Haven't needed it in years, understand myself pretty well at this point, but back in high school I used to go there a couple times a month.
There's a tree in the sunlight surrounded by a small field of grass about twice ankle height, it's bright, the grass is green, and definitely summer. The grass field isn't that big, maybe 10 meters in diameter, surounded by a ring of flowers that extends much further out towards forests, paths, mountains, hill crests, etc depending on direction. I always wake up there snoozing against the tree. There are two paths that leave the field through the flowers all around the ring of grass. one goes to a cave in a cliff face eventually, after I cross a river by jumping on slippery, flat stones while being mocked and taunted by a character that lives in the river... it's complicated. The Other is a bit longer, and leads up to a ridge overlooking a lake. I can keep going down towards the lake, but there is only a single dock at the end of the trail. if I go out to the edge of the dock and sit there, this is the place I am happiest. If I need to find answers to questions, I will swim out to a whirlpool that will take me down into an underwater cavern. Both caves have different kinds of answers with different characters that exist to help me sort out different types of problems. Both occasionally subject me to new tests that I don't consciously understand. I just know they are choices that need to be made and have some significance and meaning that maybe I am not ready to accept.

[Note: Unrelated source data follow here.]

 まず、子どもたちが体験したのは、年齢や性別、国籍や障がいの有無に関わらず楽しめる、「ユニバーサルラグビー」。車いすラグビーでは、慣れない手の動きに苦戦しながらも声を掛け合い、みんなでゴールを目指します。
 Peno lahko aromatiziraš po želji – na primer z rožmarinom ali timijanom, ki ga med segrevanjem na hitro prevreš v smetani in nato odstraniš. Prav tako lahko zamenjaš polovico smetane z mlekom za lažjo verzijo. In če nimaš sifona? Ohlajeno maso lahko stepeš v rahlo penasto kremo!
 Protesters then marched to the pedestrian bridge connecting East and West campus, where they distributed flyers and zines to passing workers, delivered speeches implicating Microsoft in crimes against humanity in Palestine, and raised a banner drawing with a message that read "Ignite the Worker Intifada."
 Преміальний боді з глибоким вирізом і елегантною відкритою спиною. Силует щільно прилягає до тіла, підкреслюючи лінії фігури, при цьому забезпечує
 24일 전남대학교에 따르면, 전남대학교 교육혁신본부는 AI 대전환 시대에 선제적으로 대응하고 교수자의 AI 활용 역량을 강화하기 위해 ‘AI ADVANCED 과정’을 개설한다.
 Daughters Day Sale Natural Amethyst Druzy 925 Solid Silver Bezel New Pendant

My happiness is primarily based on my value system syncing with my actions, so when that was out of sync, this place is one of the more drastic resorts I used to employ to discover how to tweak my conscious understanding of my value system to better match the unconscious one that demands fulfillment with every action I take.
Of course, I didn't understand it like that when I was using it
My haven is a island seashore lit in a perpetual golden sunset, or sunrise (I don't know which). And I'd have a Peter Pan-like friend who'd take me on adventures around the island, from catching fish and picking fruit and frying them over burning firewood to camping out in a cosy beach cave.

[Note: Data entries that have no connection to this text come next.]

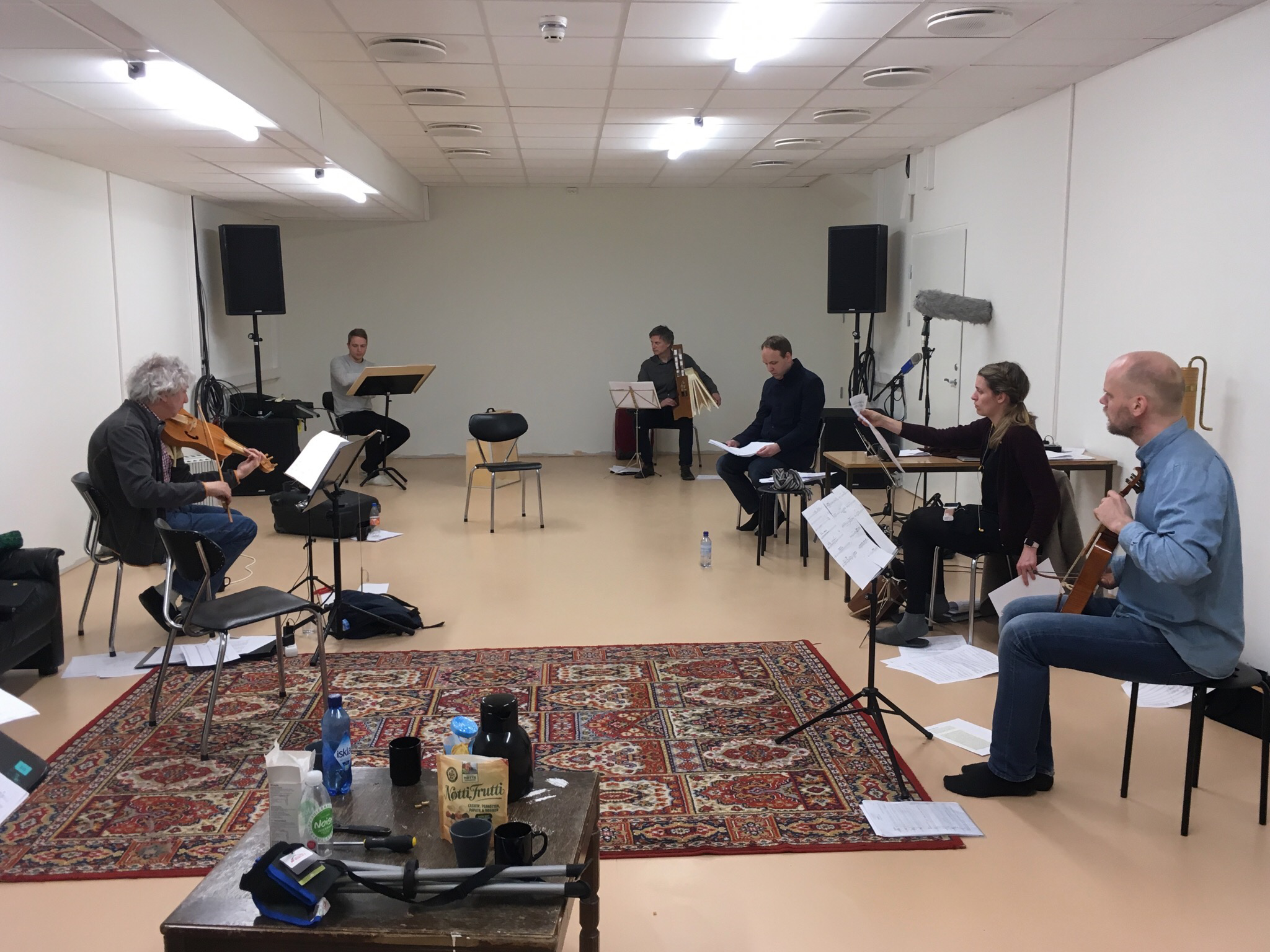 Rehearsal of "Nuper rosarum flores" at WRAP, Bergen. From left to right: Hans Lub, Kjetil Almenning, Hans Knut Sveen, Ruben Sverre Gjertsen, Ingvill Holter, Mikko Perkola.
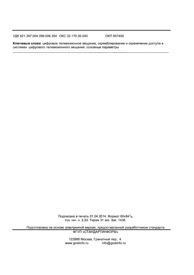 | Название рус.: | Телевидение вещательное цифровое. Обеспечение скремблирования и ограничения доступа в системах цифрового телевизионного вещания. Основные параметры |
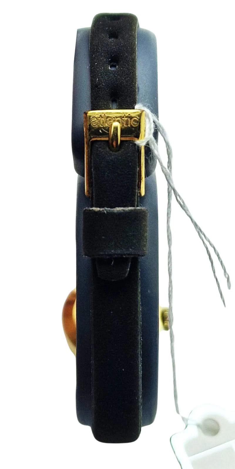 Pasek wykonany jest ze skóry naturalnej w kolorze czarnym, dobrze dopasowanej do klasycznego charakteru zegarka. Jego szerokość wynosi 8 mm, co zachowuje proporcje względem niewielkiej koperty i zapewnia komfort noszenia. Całość uzupełnia oryginalna klamerka Atlantic, a maksymalny obwód wynosi około 16,5 cm.
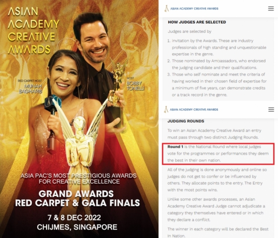 올해는 작년 8월부터 올해 7월까지 제작된 콘텐츠를 대상으로 후보를 선정. 호주, 뉴질랜드, 한국, 일본, 중국, 홍콩, 인도, 인도네시아 등 참가국 16개국의 작품 중 최고 중의 최고를 선별하여 발표한다. 수상자는 12월 7일과 8일 싱가포르에서 열리는 'AACA 2022 그랜드 어워드 & 갈라 피날레'에서 발표될 예정이다.
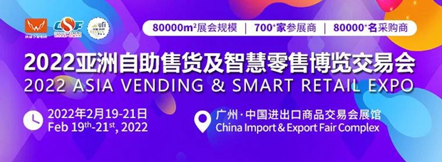 2022第十届亚洲自助售货及智慧零售博览交易会,将于2022年2月19-21日在广州·广交会展馆举办,规划面积80000平方米,预计将吸引超过700家展商参展,专业观众将达80000人次。聚焦自助售货、智慧零售、商业设备等行业领域,服务于全球采购商、经销商、运营商和参展商。

Heh come to think of it my haven is actually pretty cool. Gotta go back some time. Maybe this time we'll go boating, or we'll canoe up the river and into the jungle.
My happy, safe place exists in my mind, of course. I think of those I love - my parents, my sister, my few close friends who have stood the test of time and enrich and inspire me. I'll get into my jammies and just think about these individuals, the wonders of my humble world, and I'll find a slice of happy, however fleeting it is. I believe knowing I'm loved keeps my spirit alive and well. And knowing I love, too.
heaven = haven. so will know about it once am down under
now, will the soul enter in one? A place where I have been, What i see and know of - 'the hall' ?
does the soul have the 'hall' in life where exists all norms of actions, commited by fellow souls? been there? everyday?
does it shake one ever? suck the veins of the living spirit, and to ask: why am i living?
welcome to the hall. hall=hell
and somewhere for a nanosecond, yes a small portal i step into that reaffirms my existence - the haven.